**TASK ITEM**
Restate exactly the lines below, from the one containing "1:1,000,000 level. |" through the final line, and leave out the pictures.

**EXTRACTED ENTRIES**
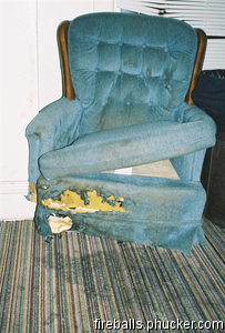 The aftermath of the first time this chair started on fire. Note the burn marks on the floor as well. Eventually, this chair was unusable due to the extensive burning.
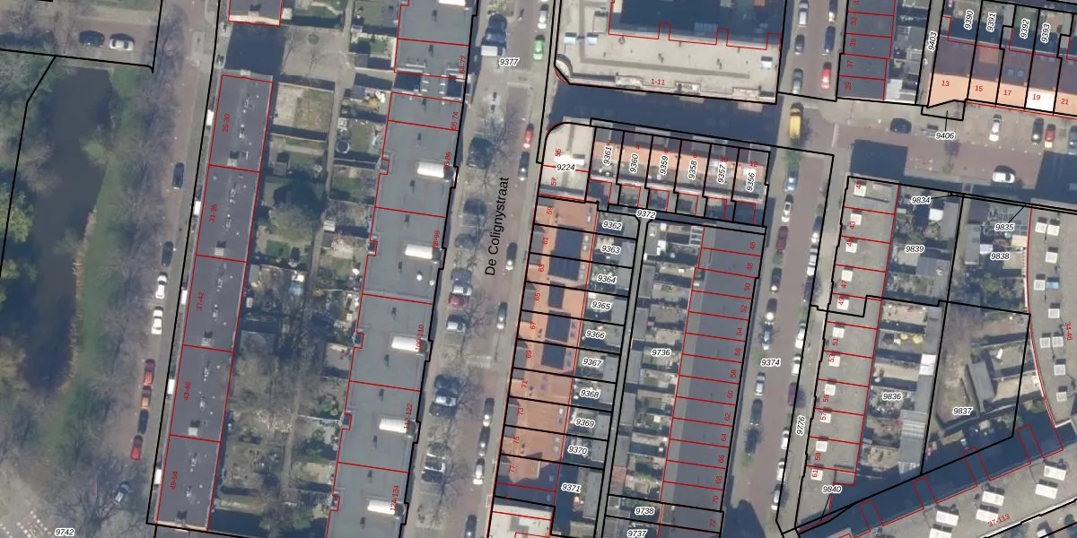 De Colignystraat 63 is gelegen op kadastraal perceel DEL00A9364. Deze kadastrale aanduiding is uniek en wordt gebruikt door het Kadaster om eigendomsrechten en andere zakelijke rechten vast te leggen. Het perceel maakt onderdeel uit van de kadastrale gemeente Delft.
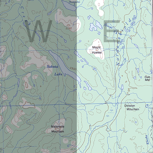 | The topo map image to the left is not an exact representation. The image is based on the 1:1,000,000 scale map of the Yukon Territory. The actual 1:250,000 and 1:50,000 scale maps have additional detail not shown at the 1:1,000,000 level. |
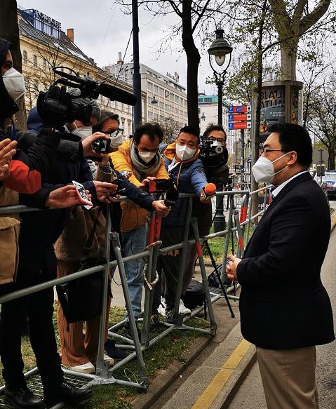 当地时间4月17日,正在参加新一轮伊核全面协议联委会的中国常驻维也纳联合国代表王群大使表示,中方对联委会工作重新回到正轨并在这两天所开展的建设性工作感到鼓舞。
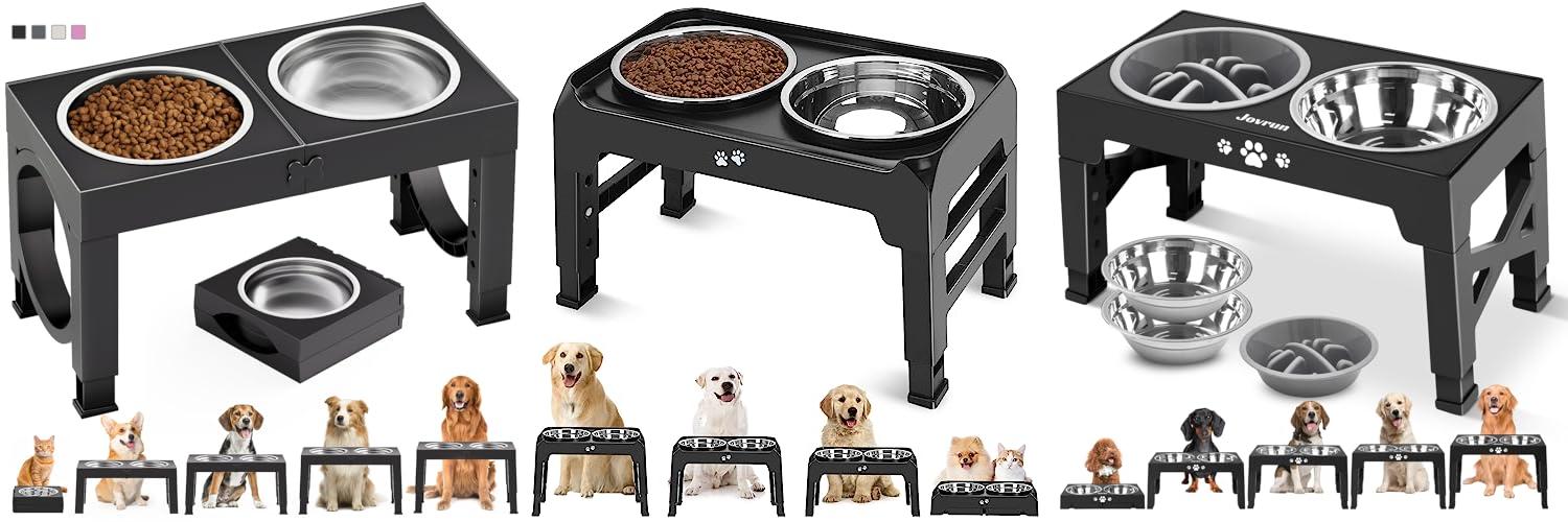 The Jovrun Elevated Dog Bowls are a fantastic feeding solution for your furry friend. This set includes two sturdy stainless steel bowls and a bonus slow feeder bowl, all designed to promote a healthier dining experience. The adjustable stand makes it perfect for dogs of all sizes as they grow.

**EXERCISE ANSWER**
 | The topo map image to the left is not an exact representation. The image is based on the 1:1,000,000 scale map of the Yukon Territory. The actual 1:250,000 and 1:50,000 scale maps have additional detail not shown at the 1:1,000,000 level. |
 当地时间4月17日,正在参加新一轮伊核全面协议联委会的中国常驻维也纳联合国代表王群大使表示,中方对联委会工作重新回到正轨并在这两天所开展的建设性工作感到鼓舞。
 The Jovrun Elevated Dog Bowls are a fantastic feeding solution for your furry friend. This set includes two sturdy stainless steel bowls and a bonus slow feeder bowl, all designed to promote a healthier dining experience. The adjustable stand makes it perfect for dogs of all sizes as they grow.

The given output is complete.